Sunday, October 21, 2012
Google v. Government: Cell Phone Manufacturers Increasingly Resistant to Unlocking Suspects’ Personal Devices for Law Enforcement
Edited on: Tuesday, October 23, 2012 5:23 PM
Categories: Internet, Misc.
At this point in the age of the internet everyone has heard of the horrors that can befall a person who doesn’t carefully guard their digital information. Pictures on Facebook have cost people job opportunities, credit card transactions have revealed infidelity, and YouTube videos have led to criminal charges. But what happens when the information isn’t on the internet – but on your phone?
Requests under the Freedom of Information Act by The American Civil Liberties Union have revealed that law enforcement officials will often ask cell phone manufacturers to aid in a criminal investigation by unlocking a suspect’s password protected phone.

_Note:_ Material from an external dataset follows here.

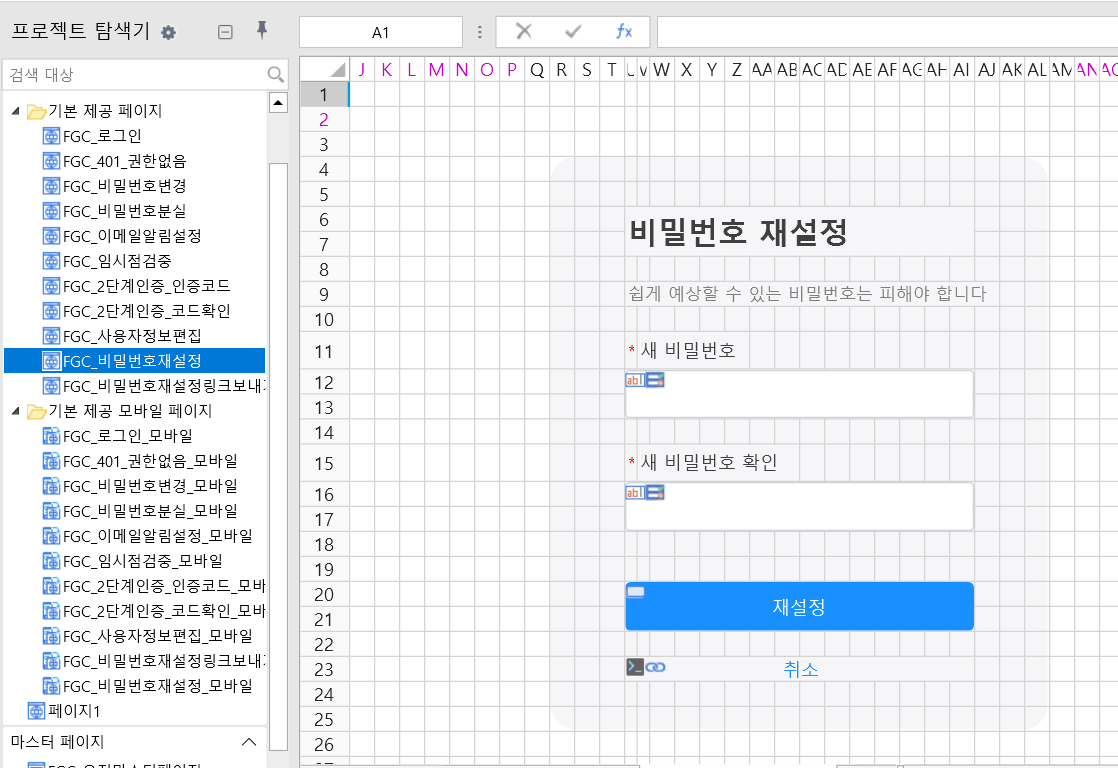 <figure><img src="https://content.gitbook.com/content/kr3K95OpVnkhRrSKF3Qh/blobs/CvZ9dPQziqELrxBRd0Ug/image.png" alt=""><figcaption><p>비밀번호재설정 화면 </p></figcaption></figure>
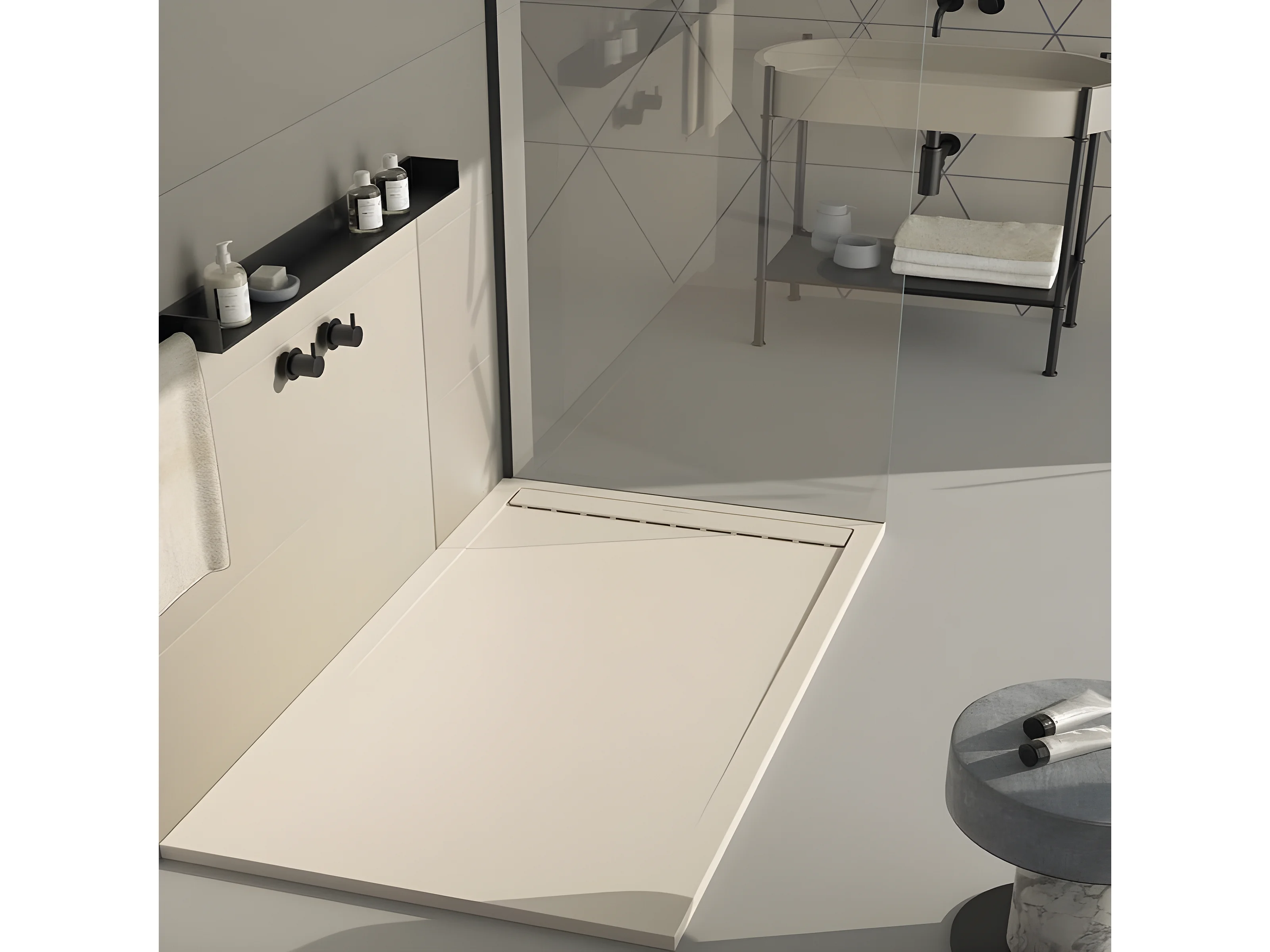 Receveur de douche Crème, finition Lisse Stone SMART, grille de couleur - 140 x 80 cm

According to a recent Wall Street Journal article, law enforcement often has the tools to access information stored on a password protected phone without the help of the owner or manufacturer. In circumstances where they can’t, however, the law surrounding access to the information is grey. Suspects have a Fifth Amendment right not to incriminate themselves, so if a suspect feels information on the phone may be incriminating they have an affirmative right not to provide the password to police – even if the police have a subpoena. That’s when law enforcement often turn to manufacturers.
The “Third Party Doctrine” allows police to obtain information from a third party, putting all information stored on “the cloud” clearly within reach of police. But manufacturers unlocking suspects’ password-protected phones (which often include call logs, emails, photographs, and browsing history) enters a murky area between a search and a wiretap.